What the task asks :: Omit all pictures, then print the entries exactly.

Material for this exercise ::
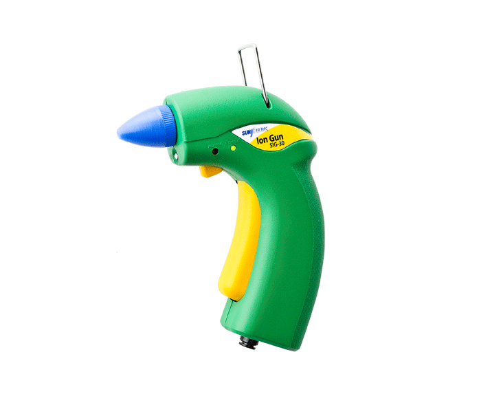 Ionizační pistole je lehká a mobilní, vhodná pro servisní pracoviště. Vyžaduje přívod vzduchu nebo zdroj stlačeného vzduchu. Má stabilní iontovou rovnováhu a proudem vzduchu také odstraňuje prach.
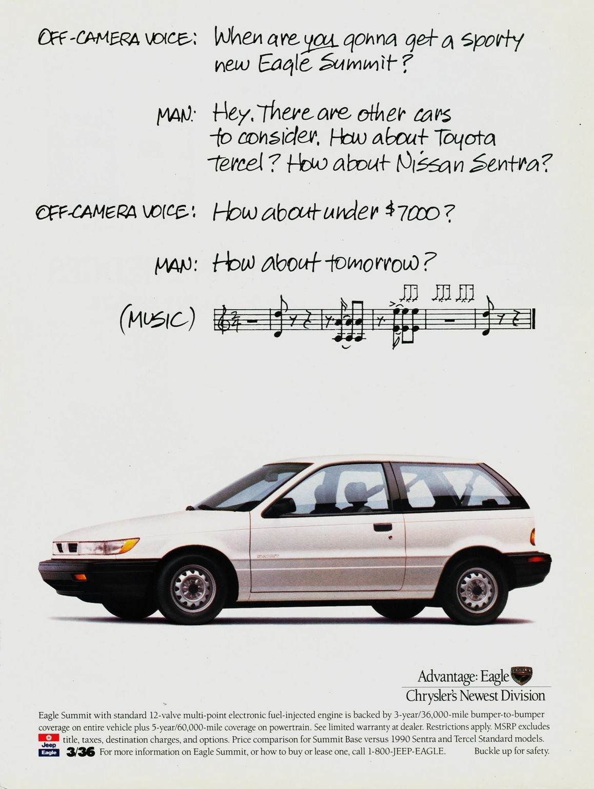 1991 Eagle Summit. Advantage. Eagle. Chrysler's Newest Division
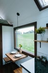 Above, a versatile loft offers additional sleeping space or storage. Accessible via integrated ladders and featuring a large skylight window, the loft is bathed in natural daylight and provides a means of egress. At the opposite end of the home, a clever storage area above the bathroom can house plumbing equipment or other items, ensuring every inch of space is utilized efficiently.
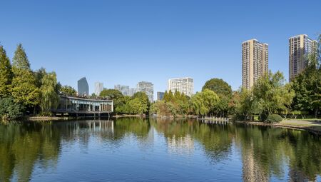 view of a park in China. There are some buildings around the lake
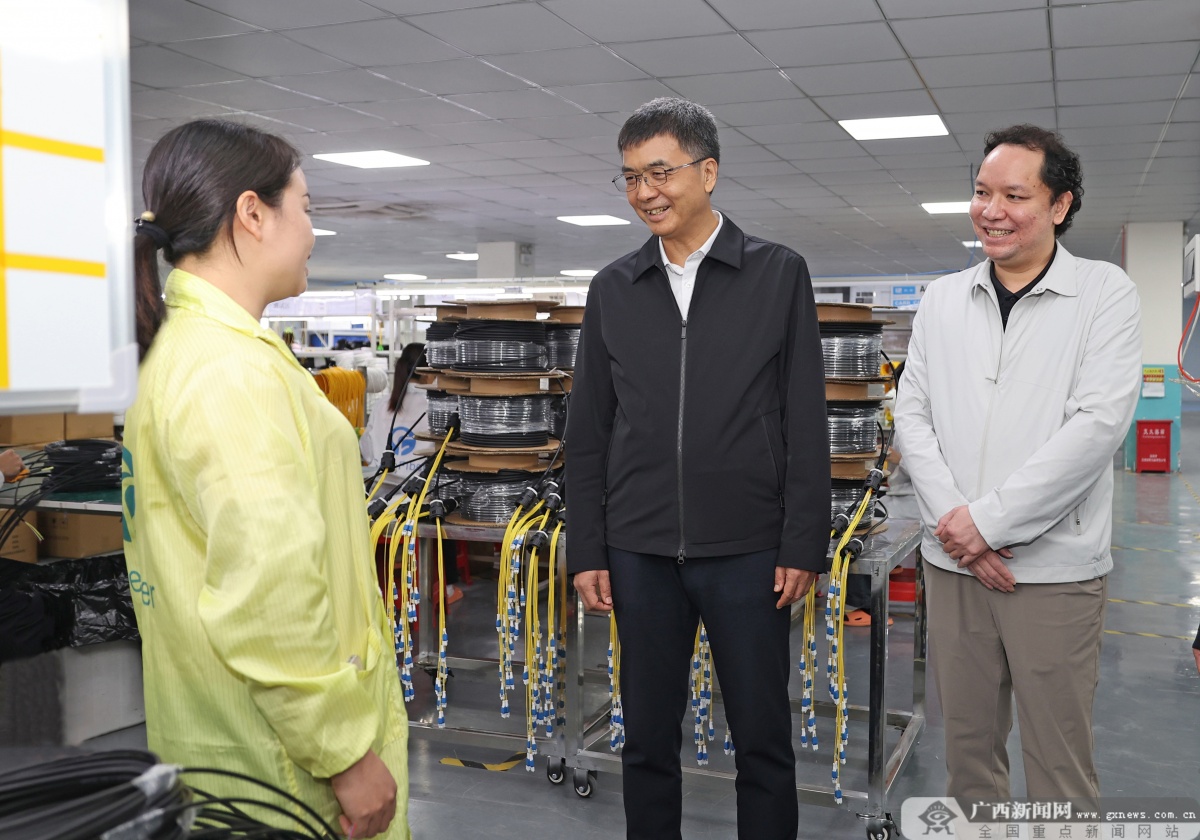 位于百色高新区的榕融新材料技术(广西)有限公司,有望建成全球规模最大的氧化铝连续纤维单体工厂。陈刚走进该企业展厅和生产车间,仔细了解产品研发等情况,勉励企业加大科研攻关力度,积极利用人工智能赋能、降本、增效,持续提升产品附加值和企业核心竞争力,努力做大做强做优企业;要求百色围绕铝产业转型升级,做好延链补链强链文章,引进更多铝产业优质上下游企业,推动铝产业高端化、智能化、绿色化发展。广西智昊通信科技公司生产的光纤产品大部分销往海外,开设的“就业帮扶车间”累计解决就业人数约1300人。陈刚来到该公司,详细了解企业生产和带农增收情况,与工人亲切交流,叮嘱企业强化订单对接和市场开拓,推动“小车间”对接“大市场”,吸纳更多群众在家门口就业增收。

Task answer ::
 Ionizační pistole je lehká a mobilní, vhodná pro servisní pracoviště. Vyžaduje přívod vzduchu nebo zdroj stlačeného vzduchu. Má stabilní iontovou rovnováhu a proudem vzduchu také odstraňuje prach.
 1991 Eagle Summit. Advantage. Eagle. Chrysler's Newest Division
 Above, a versatile loft offers additional sleeping space or storage. Accessible via integrated ladders and featuring a large skylight window, the loft is bathed in natural daylight and provides a means of egress. At the opposite end of the home, a clever storage area above the bathroom can house plumbing equipment or other items, ensuring every inch of space is utilized efficiently.
 view of a park in China. There are some buildings around the lake
 位于百色高新区的榕融新材料技术(广西)有限公司,有望建成全球规模最大的氧化铝连续纤维单体工厂。陈刚走进该企业展厅和生产车间,仔细了解产品研发等情况,勉励企业加大科研攻关力度,积极利用人工智能赋能、降本、增效,持续提升产品附加值和企业核心竞争力,努力做大做强做优企业;要求百色围绕铝产业转型升级,做好延链补链强链文章,引进更多铝产业优质上下游企业,推动铝产业高端化、智能化、绿色化发展。广西智昊通信科技公司生产的光纤产品大部分销往海外,开设的“就业帮扶车间”累计解决就业人数约1300人。陈刚来到该公司,详细了解企业生产和带农增收情况,与工人亲切交流,叮嘱企业强化订单对接和市场开拓,推动“小车间”对接“大市场”,吸纳更多群众在家门口就业增收。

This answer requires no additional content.